National guidelines for the management of CAP (which includes CABP) from the American Thoracic Society (ATS) and Infectious Diseases Society of America (IDSA) suggest criteria to define when a hospitalized patient with CAP has reached clinical stability [7, 8]. Clinical stability is a marker of a clinical response to therapy and is considered an early clinical outcome, while the time to complete symptom resolution and radiographic improvement are considered as late outcomes. The ATS and IDSA guidelines, which were published in 2001 and 2007, suggested 2 sets of criteria to define clinical stability in hospitalized patients with CAP [7, 8]. The definition of clinical stability in the 2001 guidelines was based on patient symptoms, such as cough and shortness of breath, along with signs of systemic response, such as fever and elevated white blood cell count [8]. These criteria were initially reported by Ramirez et al in 1995 [9]. The definition of clinical stability in the 2007 guidelines was based on a decrease under fixed thresholds of vital parameters, including temperature, heart rate, respiratory rate, blood pressure, mental status, and oxygenation [7]. These criteria were first reported by Halm et al in 1998 [10]. A study comparing the 2 sets of criteria concluded that both are equivalent and can be used to identify early clinical stability in hospitalized patients with CAP [11]. The achievement of clinical stability is, then, an opportunity to consider a switch to oral therapy and hospital discharge in patients initially hospitalized and treated with intravenous (IV) antibiotics.

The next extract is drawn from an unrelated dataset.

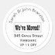 Sticker Rond Blanc noir moderne Nous avons bougé Faire-part
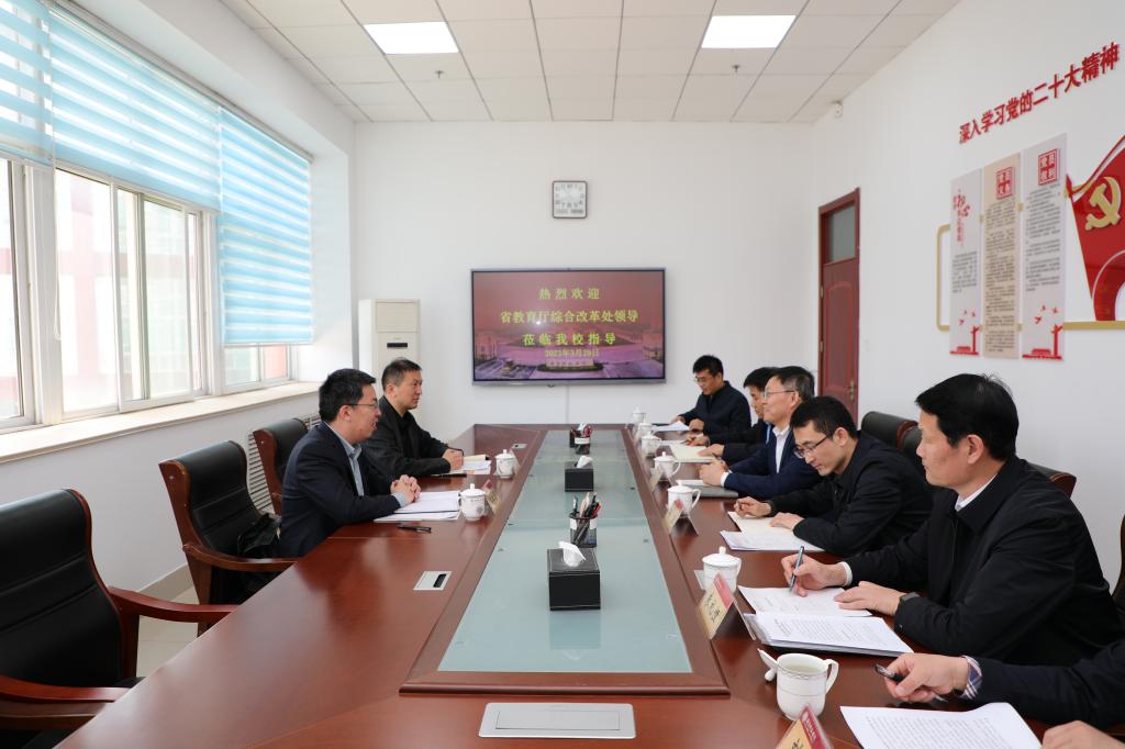 3月29日上午,省教育厅综合改革处二级调研员(主持工作)石仁勇一行到我校调研教育评价改革工作,学校党委书记林松柏,党委委员、副校长李伯伟,党委委员、副校长孙正,党委委员、组织部长杨磊,以及有关部门负责人参加了调研活动。

To date, there has been no evaluation of how ECR performs relative to clinical stability and later assessments of clinical success in patients with CABP. We used the omadacycline OPTIC study to describe the performance of the ECR endpoint and clinical stability criteria relative to a posttreatment evaluation (PTE) of clinical success.
METHODS
OPTIC was a global, phase III, double-blind, double-dummy, randomized, noninferiority CABP study (Figure 1). It compared 7–14 days of omadacycline at 100 mg IV every 24 hours (q24h; initial 2 doses were every 12 hours [q12h]), including an option to transition to 300 mg orally q24h after 3 days of treatment, or moxifloxacin at 400 mg IV q24h, including an option to transition to 400 mg orally q24h after 3 days of treatment. Adults aged ≥18 years of age with ≥3 protocol-specified CABP symptoms (cough, production of purulent sputum, dyspnea, pleuritic chest pain); abnormal vital signs; laboratory abnormalities associated with CABP; disease categorized as being Pneumonia Outcomes Research Team (PORT) risk class II, III, or IV at screening; and radiographically confirmed pneumonia were enrolled. Full entry criteria for this study and an overview of causative pathogens have been published previously [5].
Figure 1.
OPTIC study design. Abbreviations: CABP, community-acquired bacterial pneumonia; IV, intravenous; OPTIC, Omadacycline for Pneumonia Treatment In the Community.
The ECR primary efficacy endpoint was programmatically defined as symptom improvement at 72–120 hours after the first dose of study drug, no use of rescue antibiotics, and patient survival. CABP symptoms were characterized using a 4-point scale (absent, mild, moderate, or severe) by the investigator. Symptom improvement was defined as ≥1 level improvement (eg, severe to moderate) in ≥2 CABP symptoms, with no worsening by ≥1 level in other CABP symptoms.
Investigator assessment of clinical response was determined at the PTE (5–10 days after the last dose of study drug). Clinical success at PTE was defined as survival with resolution or improvement in signs and symptoms of infection and with no need for further antibacterial therapy.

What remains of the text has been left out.